» WHAT YOU WILL DO:
In the listing below, find the line containing "市場(chǎng)競(jìn" and the line containing "перепись 2010 г. |". Repeat exactly those two lines and every line between them, nothing more.

» INFORMATION SUPPLIED:
BEGIN
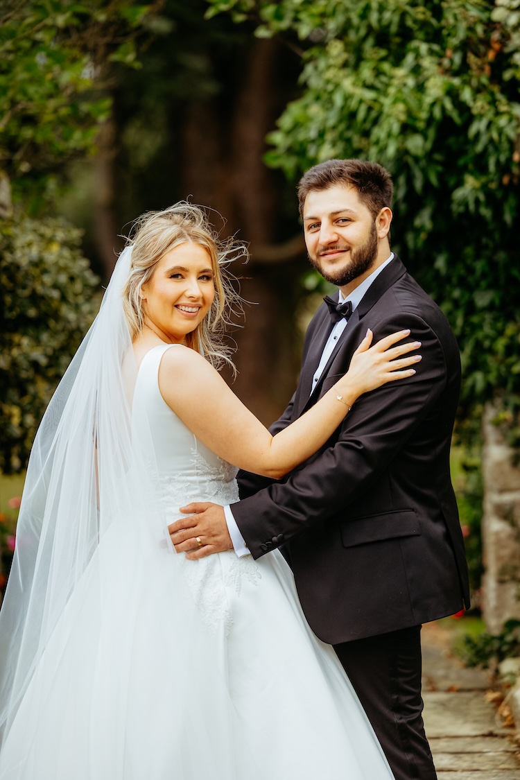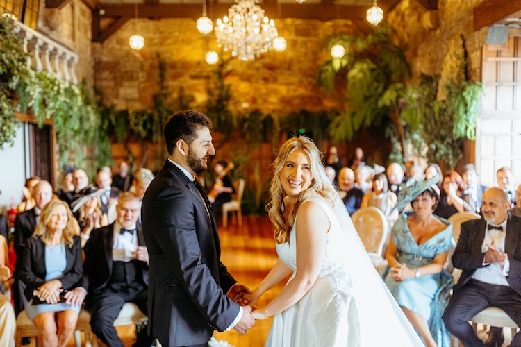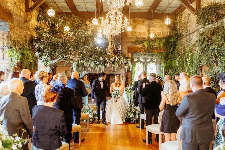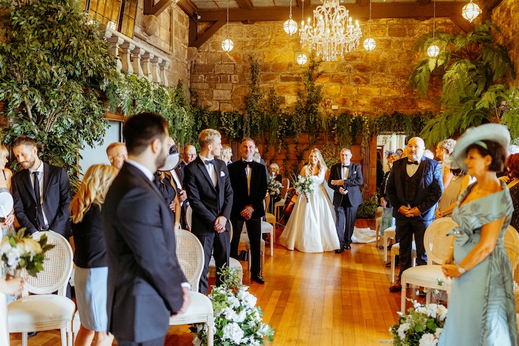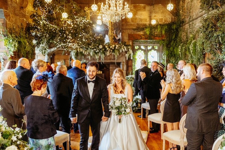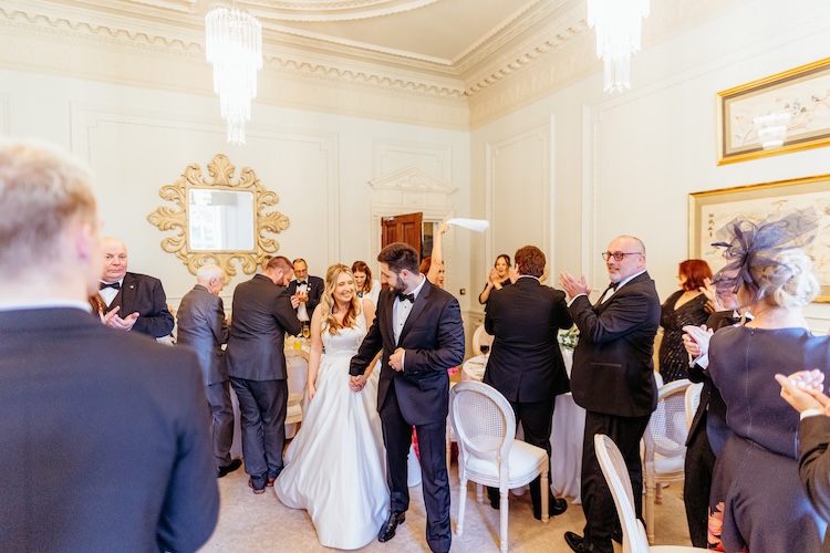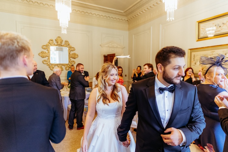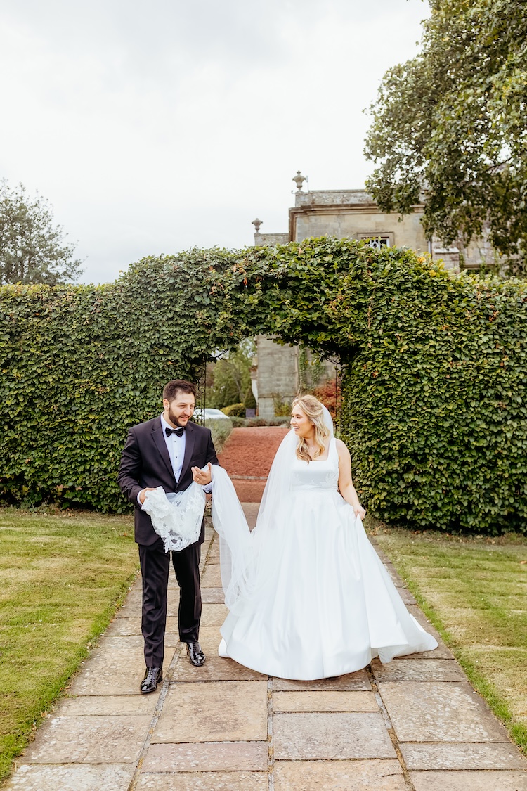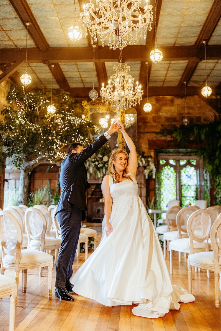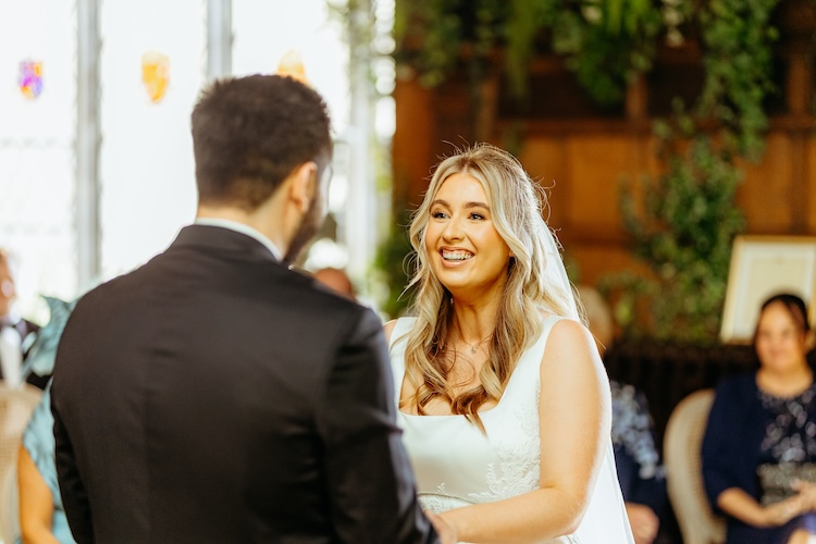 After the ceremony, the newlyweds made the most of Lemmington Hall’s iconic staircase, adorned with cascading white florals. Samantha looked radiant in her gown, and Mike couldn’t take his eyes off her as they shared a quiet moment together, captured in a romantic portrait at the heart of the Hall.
END
BEGIN
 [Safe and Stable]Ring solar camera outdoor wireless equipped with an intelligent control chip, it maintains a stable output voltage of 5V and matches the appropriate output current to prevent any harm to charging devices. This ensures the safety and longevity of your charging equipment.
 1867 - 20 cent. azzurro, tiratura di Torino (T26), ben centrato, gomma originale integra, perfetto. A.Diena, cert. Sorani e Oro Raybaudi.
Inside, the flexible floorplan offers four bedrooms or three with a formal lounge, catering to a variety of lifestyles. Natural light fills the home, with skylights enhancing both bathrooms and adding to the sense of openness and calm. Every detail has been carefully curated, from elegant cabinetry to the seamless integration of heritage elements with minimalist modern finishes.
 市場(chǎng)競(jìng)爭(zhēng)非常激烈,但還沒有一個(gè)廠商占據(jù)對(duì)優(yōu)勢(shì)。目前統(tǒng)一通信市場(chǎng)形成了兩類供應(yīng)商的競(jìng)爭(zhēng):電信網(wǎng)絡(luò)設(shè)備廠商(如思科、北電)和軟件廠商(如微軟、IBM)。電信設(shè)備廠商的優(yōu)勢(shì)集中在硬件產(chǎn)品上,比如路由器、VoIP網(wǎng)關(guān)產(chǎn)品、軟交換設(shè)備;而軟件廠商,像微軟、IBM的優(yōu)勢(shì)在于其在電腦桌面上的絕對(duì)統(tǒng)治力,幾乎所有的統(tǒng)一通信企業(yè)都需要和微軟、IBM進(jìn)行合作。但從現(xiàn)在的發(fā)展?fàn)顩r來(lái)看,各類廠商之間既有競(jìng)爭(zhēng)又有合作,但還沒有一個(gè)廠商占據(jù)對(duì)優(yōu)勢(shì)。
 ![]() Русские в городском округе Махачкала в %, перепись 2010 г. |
END
» YOUR SOLUTION:
 市場(chǎng)競(jìng)爭(zhēng)非常激烈,但還沒有一個(gè)廠商占據(jù)對(duì)優(yōu)勢(shì)。目前統(tǒng)一通信市場(chǎng)形成了兩類供應(yīng)商的競(jìng)爭(zhēng):電信網(wǎng)絡(luò)設(shè)備廠商(如思科、北電)和軟件廠商(如微軟、IBM)。電信設(shè)備廠商的優(yōu)勢(shì)集中在硬件產(chǎn)品上,比如路由器、VoIP網(wǎng)關(guān)產(chǎn)品、軟交換設(shè)備;而軟件廠商,像微軟、IBM的優(yōu)勢(shì)在于其在電腦桌面上的絕對(duì)統(tǒng)治力,幾乎所有的統(tǒng)一通信企業(yè)都需要和微軟、IBM進(jìn)行合作。但從現(xiàn)在的發(fā)展?fàn)顩r來(lái)看,各類廠商之間既有競(jìng)爭(zhēng)又有合作,但還沒有一個(gè)廠商占據(jù)對(duì)優(yōu)勢(shì)。
 ![]() Русские в городском округе Махачкала в %, перепись 2010 г. |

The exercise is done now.